SHARON: I am not sure that she is saying anything about fertility unless it's the only thing women are good for (in this book). The author may have been highlighting the ways we could lose our fertility with war, chemicals, poor nutrition, depression, smoking, etc. but I don't believe that is the main gist of this book.

CARRIE: I really think her focus was more on surrogacy and the suppression of women.

LISA: This book, to me, was about society, not fertility. It was a sociological look at the pendulum swinging from one side of the spectrum to the other. What was terrifying was that the period before the clamp down on all human rights in this book is not so different than where we are right now. What the author described had only a whisper of truth in 1985, but is a fairly accurate description now, in terms of the sex trade, violence, racism, misogyny and more.

Me: Looking back on the book (written in 1985), knowing what we know, do you think any of it "came true" OR are we headed in the direction of Gilead?

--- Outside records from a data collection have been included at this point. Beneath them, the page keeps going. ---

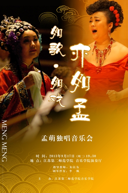 9月17日,音乐学院特邀青年女高音歌唱家孟萌来我院举办“如歌•如戏——亦如孟”个人独唱音乐会。副院长王仁雷、张勤,教务处处长蔡飞、副处长薛瑞东以及院教学督导熊宁教授亲临现场观摩,音乐学院全体教师和2013级新生参加。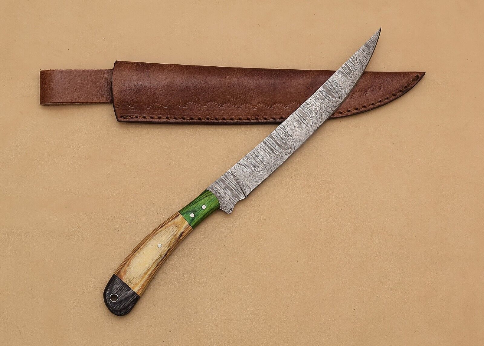 Custom Handmade Damascus Steel Kitchen Chef Fillet Knife designed for both professional chefs and outdoor enthusiasts. The 8-inch razor-sharp Damascus steel blade (15N20) ensures long-lasting durability and precision cutting, while the 5-inch Pakka wood handle with wood bolster provides a secure and comfortable grip. This versatile knife is perfect for kitchen use, hunting, camping, skinning, survival, or as a collector’s piece.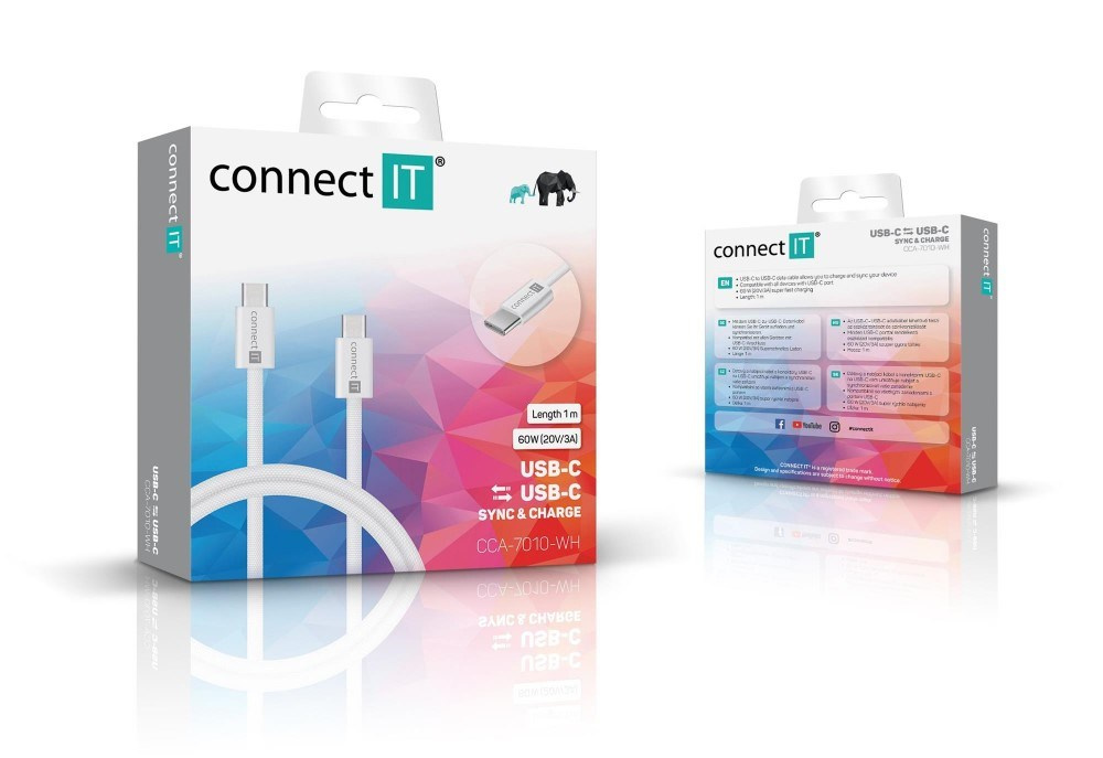 CONNECT IT Wirez USB-C -> USB-C, 60 W, 1m, bílá

SHARON: No, we will never get to that point. I don't believe that with all the science we have today, we would ever stoop to this low of enslaving woman and forcing them to give up their own flesh and blood.

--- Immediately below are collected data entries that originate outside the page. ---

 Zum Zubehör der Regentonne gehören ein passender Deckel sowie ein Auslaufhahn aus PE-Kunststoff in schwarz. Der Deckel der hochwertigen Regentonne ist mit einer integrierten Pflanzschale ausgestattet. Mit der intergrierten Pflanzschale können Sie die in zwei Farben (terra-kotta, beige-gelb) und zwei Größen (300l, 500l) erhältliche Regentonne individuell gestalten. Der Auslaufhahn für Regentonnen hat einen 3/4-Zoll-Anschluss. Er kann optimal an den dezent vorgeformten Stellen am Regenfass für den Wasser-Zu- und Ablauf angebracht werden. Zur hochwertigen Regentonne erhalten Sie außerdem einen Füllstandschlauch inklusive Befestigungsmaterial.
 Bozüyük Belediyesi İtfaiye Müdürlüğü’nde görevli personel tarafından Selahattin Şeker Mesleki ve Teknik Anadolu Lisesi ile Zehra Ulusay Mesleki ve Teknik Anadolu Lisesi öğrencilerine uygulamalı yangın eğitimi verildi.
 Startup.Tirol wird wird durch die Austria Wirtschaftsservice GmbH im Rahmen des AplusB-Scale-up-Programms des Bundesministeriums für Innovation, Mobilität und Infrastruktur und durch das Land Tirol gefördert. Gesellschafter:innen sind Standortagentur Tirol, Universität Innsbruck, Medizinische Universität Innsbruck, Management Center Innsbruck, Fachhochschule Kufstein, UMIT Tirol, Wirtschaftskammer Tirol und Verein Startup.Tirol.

ANNIE: I do think that we are seeing a decline in fertility, largely due to environmental factors and conditions affecting future fertility before a child is even born. Male infertility in particular is rising because of a sperm count crisis. Reports claim that as many as one in five healthy young men between the ages of 18 and 25 produce abnormal sperm counts and that men are on a path to becoming completely infertile within a few generations. A science writer even suggested that if scientists from Mars were to study the male reproductive system, they might conclude that mankind was destined for rapid extinction. Conversely, the number of women giving birth after age 35 is rising, so for what it is worth, we could see some version of Gilead in terms of compromised fertility requiring extensive medical treatments that include third party reproduction (including surrogates, or gestational carriers) - hopefully without the handmaids.

CARRIE: I am afraid that we may be heading into something similar way down the road with the way infertility has become so prevalent, but on the flip side science gets better every day.

LISA: Ending in a retrospective of 2195, the world was redrawn and appeared to be healed. There was no horror at how the world was then, merely interest and speculation. The last piece of the book describes, unemotionally, what had occurred. It explains almost everything, including that Offred, Of Fred, likely survived to speak into a tape recorder and leave the tapes behind. I think all of us would have been more comfortable reading this book, holding ourselves apart, had this felt more like the science fiction it was touted to be. One truth is that it's not removed enough from us; not in 1985, nor in 2017.

So, what do you think? Again, these are all important issues and whether you agree or disagree with any of the above, the more we talk about these matters, hopefully, the more we can learn from one another and achieve a level of understanding. Imagine that – no flame wars, just communication. Thoughts?